** Supplied material follows **
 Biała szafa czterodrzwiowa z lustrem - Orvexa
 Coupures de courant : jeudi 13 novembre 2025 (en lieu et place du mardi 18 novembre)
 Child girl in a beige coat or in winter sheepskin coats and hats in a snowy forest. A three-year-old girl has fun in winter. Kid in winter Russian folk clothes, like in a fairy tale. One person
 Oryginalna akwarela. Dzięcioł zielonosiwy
** End of Supplied material **
** Supplied material follows **
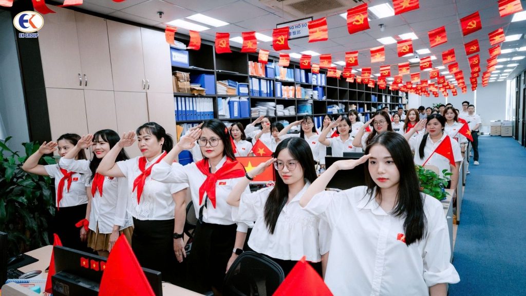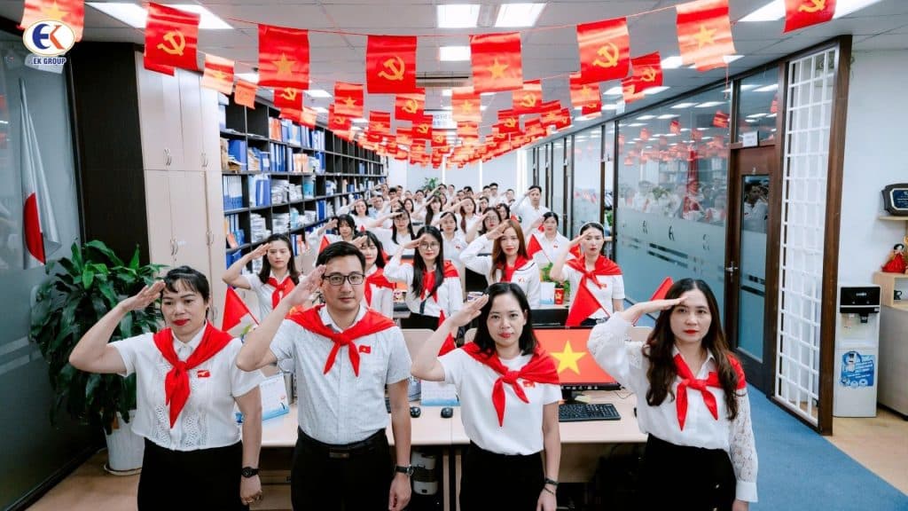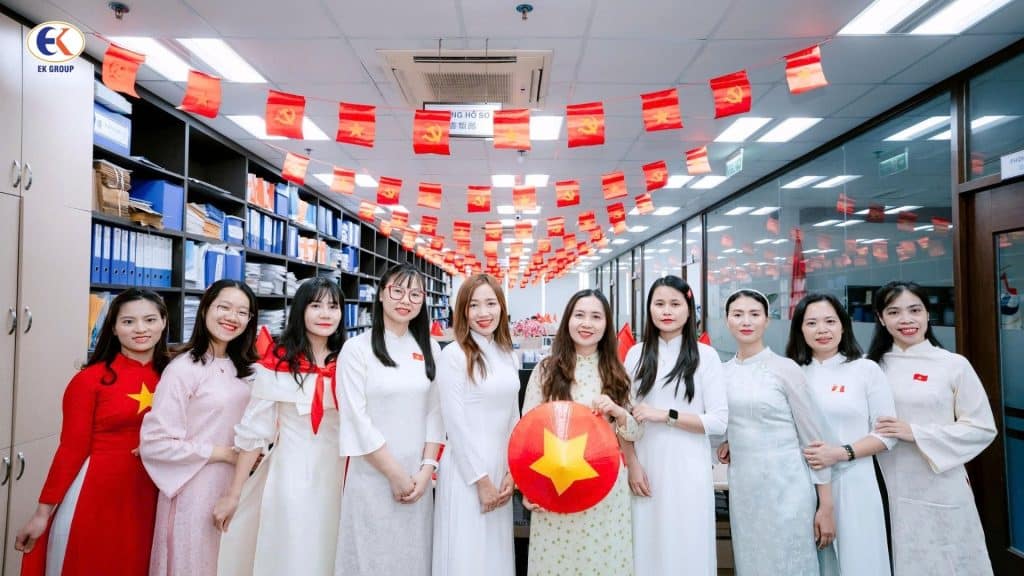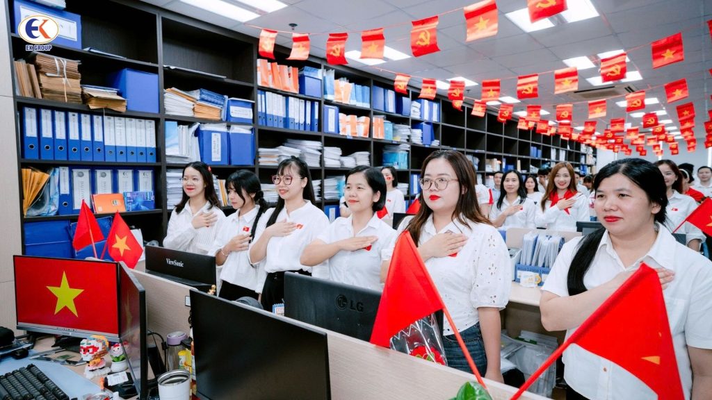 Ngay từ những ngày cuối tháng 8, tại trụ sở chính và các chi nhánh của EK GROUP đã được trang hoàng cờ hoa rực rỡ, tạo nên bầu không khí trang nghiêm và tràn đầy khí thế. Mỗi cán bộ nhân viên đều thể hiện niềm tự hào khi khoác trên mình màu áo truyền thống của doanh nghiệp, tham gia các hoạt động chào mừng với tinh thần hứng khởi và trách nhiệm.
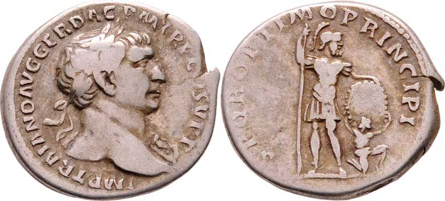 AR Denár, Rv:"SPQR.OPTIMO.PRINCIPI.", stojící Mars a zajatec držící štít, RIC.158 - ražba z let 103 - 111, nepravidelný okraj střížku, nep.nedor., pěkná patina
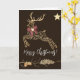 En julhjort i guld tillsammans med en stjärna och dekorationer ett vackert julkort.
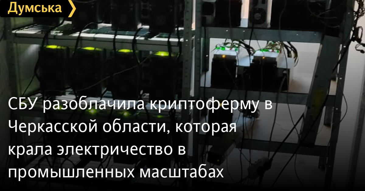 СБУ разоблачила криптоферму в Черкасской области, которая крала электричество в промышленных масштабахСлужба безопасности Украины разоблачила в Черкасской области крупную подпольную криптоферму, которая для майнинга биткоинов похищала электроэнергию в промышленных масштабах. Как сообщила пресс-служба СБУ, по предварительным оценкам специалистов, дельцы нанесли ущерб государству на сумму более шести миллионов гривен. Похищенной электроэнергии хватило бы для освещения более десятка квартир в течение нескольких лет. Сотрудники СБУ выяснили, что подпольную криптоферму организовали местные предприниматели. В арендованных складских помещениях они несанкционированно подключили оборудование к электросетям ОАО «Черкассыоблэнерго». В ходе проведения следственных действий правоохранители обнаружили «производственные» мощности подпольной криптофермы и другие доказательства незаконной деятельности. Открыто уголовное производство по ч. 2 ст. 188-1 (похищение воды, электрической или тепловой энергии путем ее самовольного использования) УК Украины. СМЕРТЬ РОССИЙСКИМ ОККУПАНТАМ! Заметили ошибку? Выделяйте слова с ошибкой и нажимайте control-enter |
** End of Supplied material **
● Problem requirements
Begin at the line above that has "Biała szafa czterodrzwiowa" and stop after the line that has "Child girl in", copying each line exactly and adding nothing else.

● Reply to the exercise
 Biała szafa czterodrzwiowa z lustrem - Orvexa
 Coupures de courant : jeudi 13 novembre 2025 (en lieu et place du mardi 18 novembre)
 Child girl in a beige coat or in winter sheepskin coats and hats in a snowy forest. A three-year-old girl has fun in winter. Kid in winter Russian folk clothes, like in a fairy tale. One person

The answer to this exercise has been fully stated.